By Paul Nicholson in New York
November 5 – The pay equity issue between men and women’s football could be solved by making the women’s game a much bigger business, said Sunil Gulati, president of the US Soccer Federations (USSF) and a FIFA executive committee member.
Interviewed by US political commentator James Carville at the Securing Sport 2015 conference in New York, Gulati said that there needed to be more women representation in the higher levels of the administration of the sport and that generally in the women’s game the US has been a leader.
The debate over pay equity ignited at the Women’s World Cup this year in Canada where the US women’s team won $2 million for becoming world champions, compared to the $35 million won by the German men in Brazil in 2014.
“We all understand the years of discussion regarding women and this issue. The US has been leaders in getting resources to the grassroots to allow participation,” said Gulati. “Title 9 helped get to the source of the problem which is participation. More resources were key,” said Gulati.
But he also said that more women need to make it up the administration ladder. “There needs to be more representation in the leadership. 30% (female) participation in the corporate boardroom changes the dynamic for the better,” he said.
The numbers of females in top positions at FIFA is nowhere near that level, though Gulati said it is better in the USSF. In looking for solutions to the pay equity issue, Gulati said there is a “need to make it a bigger business”. In the US women’s football already is a big business with 40-45% of registered players in the US girls.
Carville missed a major opportunity with a currently press shy Gulati to really question an insider on what is happening within the crisis-hit FIFA organisation and the reforming CONCACAF, and where his current thinking was as regards to the upcoming FIFA presidential elections.
As regards FIFA, Gulati did say that while “the last five months have been a very difficult period, the game itself goes on very successfully…the institutions have difficulty and we have endangered everything. Even other sports are telling us we need to straighten this out as it is impacting on them.”
Asked about the relationship between politics and sport which FIFA maintains must be kept separate, Gulati said that “to believe politics doesn’t have a role is absolutely nonsensical…the intersection between sports and politics is absolutely there. You can’t think about putting on a major event without government.” But he did say that he was “not sure the requests made of government were entirely realistic.”

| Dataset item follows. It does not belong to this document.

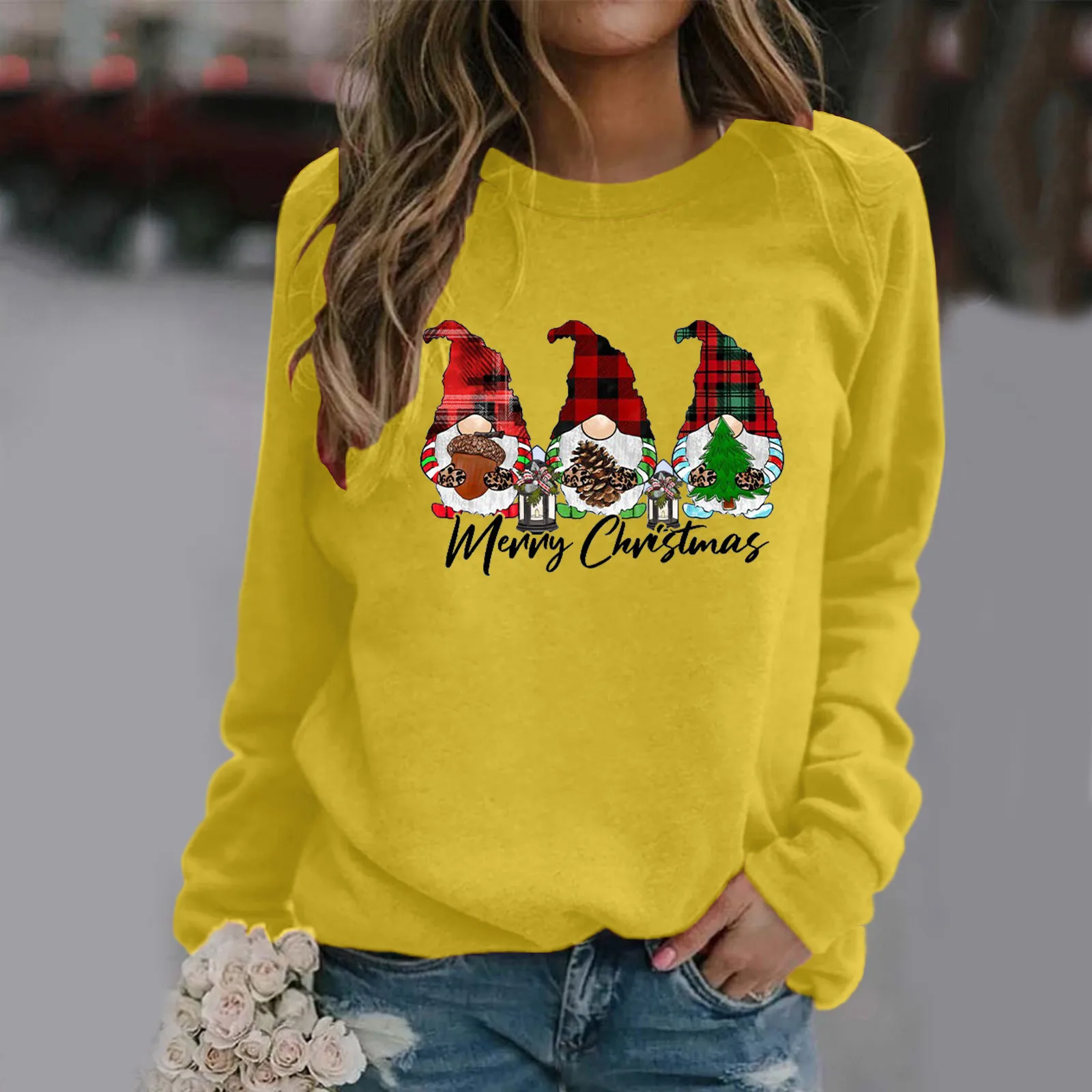 Christmas Sweatshirt Women Long Sleeve Print Pullover Tops Christmas Party Crewneck Sweatshirts Ladies Casual Festival Clothing

On FIFA transparency Gulati’s response was that “we’re working on it”. Referring to World Cup bidding he said that there need to be tighter rules, more transparency in the vote (FIFA World Cups will now be voted on by the entire 209 member congress), “and technical standards that actually mean something.”
It was a lack of transparency and suspected corruption within the World Cup bidding process that ignited the integrity crisis within FIFA.